Priority Area Economic Development
Economic Development was in 2011 selected as a priority area by the Dean of the Faculty of Social Sciences at the University of Southern Denmark. The purpose of this initiative is to support and foster research excellence within seven selected areas. As part of this initiative, Economic Development has received extra funding from the Dean for an initial period of three years.
Average income levels in the world’s richest and poorest nations differ by orders of magnitude. What accounts for such enormous differences and what can be done to foster development and eventually convergence between poor and rich countries? Attempting to cast light on these questions, neoclassical growth theory has traditionally focused on factor accumulation and, in its endogenous growth variant, on technological change. But, as noted early on by economic historians, accumulation and technological change are only proximate causes of economic growth. What one really wants to ask is this: Which fundamental causes can account for the fact that some societies managed to accumulate and innovate more rapidly than others?

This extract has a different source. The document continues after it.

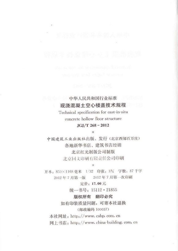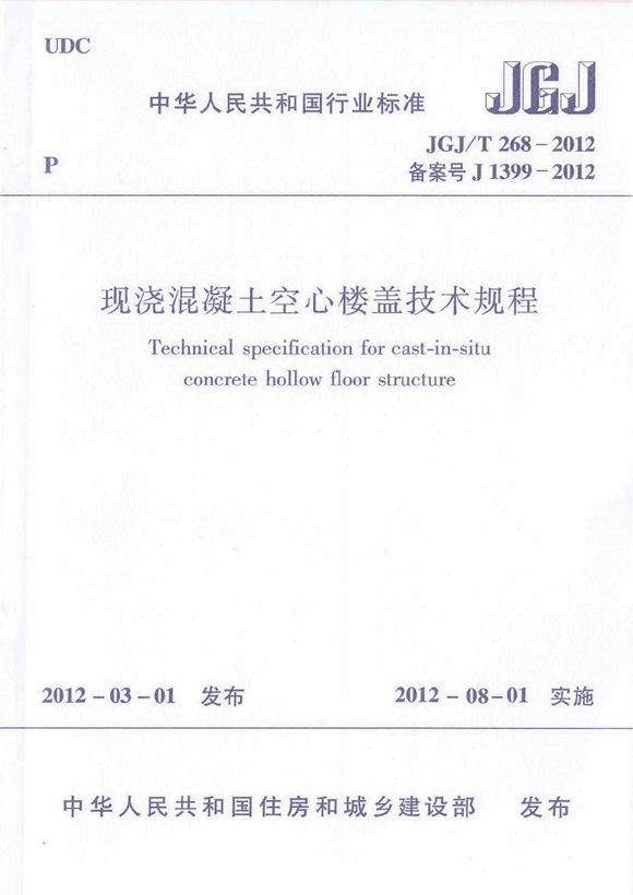 JGJ/T268-2012现浇混凝土空心楼盖技术规程 含条文说明
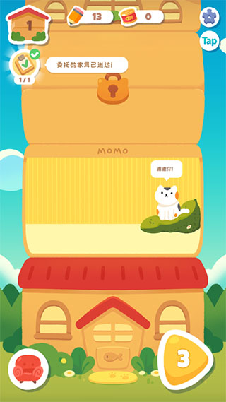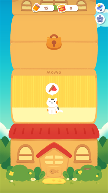 2、主动挑战关卡,为猫咪打造温馨小屋,精心布置猫咪房间。

In the academic literature the focus has been on four fundamental factors of long-run growth and development. First, there is a long and distinguished line of work that places geography at the center of the story. Geography is a key determinant of climate, endowment of natural resources, disease burden, transport costs, and diffusion of knowledge and technology from more advanced areas. It therefore exerts a strong influence on key variables such as agricultural productivity and the quality of human resources. Another long and distinguished line of work focuses on the role of culture. Prominent economic historians, for instance, maintain that culture is the key to unlocking the rise of capitalism in Western Europe and East Asia. A third tradition highlights the role of international flows of capital, goods, and people as the main driver of productivity change. This so-called integration view gives integration into the global economy, and impediments thereof, a key role in fostering welfare and growth as well as convergence between rich and poor parts of the world. Finally, there is the institutions view. According to this view, what matters are the rules of the game in a society and their contribution to beneficial economic behavior. The research carried out by members of HEDG attempts to improve our understanding of all four fundamental factors of economic development.